01 Mar 2011 @ 8:25 AM 

Published Brownsville Herald February 29, 2011

The best possible circumstances all result from free trade; the worst result from nanny government control. Those in favor of socialism often mis-describe, or just misunderstand, international trade.
A September letter to the editor from Jesse Dorsett asserted that if President Lincoln were alive today he would have added to his quote, “If you love labor, if you value the work of the American worker, then you have to hate free trade. …”
Shortly after I retired from a career with the U.S. Customs Service, where I was involved in enforcing our trade requirements, I taught a practical program in international trade at the University of Texas at Brownsville. During that program we examined and dispelled many policies such as the need to severely restrict and control trade to protect jobs.
Further, I cannot support any concept based on hate and have found that folks capable of attaching such an intense hostility find it difficult to accept reason and support acting out as a solution.
The most dangerous enemy to labor in this country is government control and standardization; not free trade!
That view of how we should relate to our neighbors would only mean isolation and encourage hostility, just as it did between England and its colonies.
The last thing we need is to bring back protectionism.

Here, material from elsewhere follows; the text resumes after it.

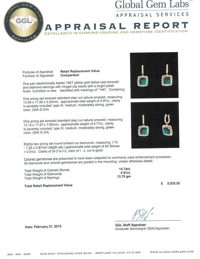 One pair electronically tested 14KT yellow gold ladies cast emerald and diamond earrings with hinged clip backs with a bright polish finish. Identified with markings of "14K". Condition is new. Containing: One prong set emerald standard step cut natural emerald, measuring 13.09 x 11.95 x 5.20mm, approximate total weight of 5.97ct., clarity is severely included, type III, medium, moderately strong, green color, (GIA G 5/4)One prong set emerald standard step cut natural emerald, measuring 13.12 x 11.97 x 7.60mm, approximate weight of 8.77ct., clarity is severely included, type III, medium, moderately strong, green color, (GIA G 5/4)Eighty-Two prong set round brilliant cut diamonds, measuring 1.70 - 1.20 x 0.87mm (depth est.) approximate total weight of 82 Stones = 0.91ct. Clarity: SI-2 to I-2. Color: I - J, Cut is Good. Colored gemstones are presumed to have been subjected to commonly used enhancement processes. All diamonds and colored gemstones are graded in the mounting, unless otherwise stated. Total Weight of Colored Stones 14.74ct. Total Weight of Diamonds 0.91ct. Total Weight of Earrings 13.70 grams. GGL Appraised at $8,935.00.

It will not bring back our labor force, nor will it bring back our jobs!
The truth is that no government can create or send jobs anywhere by itself. It can only create some influences such as how import requirements are enforced, the increase or decrease of tariffs etc. Only business owners can create jobs, based on the ability to sell a product for more than it costs to make or buy it.
U.S. job loss has more to do with international trade dynamics. The prevailing theories are Heckscher and Ohlin’s theory of factor proportions: “A country that is relatively labor or finance abundant should specialize in production and export of that product that is labor or finance intensive,” and Vernon’s product cycle theory: “A country that has a comparative advantage in the production and export of an individual product changes over time as the technology of the products’ manufacture, matures.”
So, things are manufactured where it can be done most efficiently. This changes over time as the need for the product and the technology for making it change. If something can be made better and at lower cost in another country, the makers will tend to go there.
Legislatures affect how costs influence business far more than any president. Taxes, legal liabilities, entitlements and regulations all help or discourage business choices and where products are produced. Social conscience, while a necessary thing, has costs; and some of these costs make it impossible to continue some kinds of production and jobs in our economy.
Only a few years ago Germany was an economic powerhouse; however social benefits required that tax costs be increased enormously on “corporations and the rich.” This increase in socialism resulted in an unemployment rate of 15 percent and growing. The same thing happened to Ireland, which just a few years ago was the “golden choice” of the stock markets that funded higher investment and production.
We must also consider that the United States is on the precipice of reducing our number of available employees enormously in a few short years as the baby boomers retire faster than new workers can replace them. New immigrants will be necessary to just to replace those leaving the work force and to pay into the social services that support the retirees. This will require a more efficient immigration system, not more restrictions.
The bottom line is that we (not the president) are not only sending our jobs to India, China and Mexico, but we are creating a revolution to the traditional American system by creating more services and entitlements that the government must provide and more rules that companies and public institutions must follow and prove that they are following. These things have enormous costs to our ability to produce!
A last thought: I have heard a number of politicians and news people lately describing the federal retirement system as being too generous to the employees as they receive better benefits than others.
The Federal Employees Retirement System, according to former colleagues, promised to provide adequate resources for comfort in the “golden years” as living and health costs continue to rise. This estimate has proven true even in light of some recent investment issues, especially considering the complaints in the press that federal retirees are doing too well. Had we started changing the Social Security system to a similar program when it was proposed, perhaps the federal expenditures would not now be in such a mess. We need a government that will reduce government interference in our business and our personal lives. Then “We the people” can solve our problems as was contemplated those 235 years ago.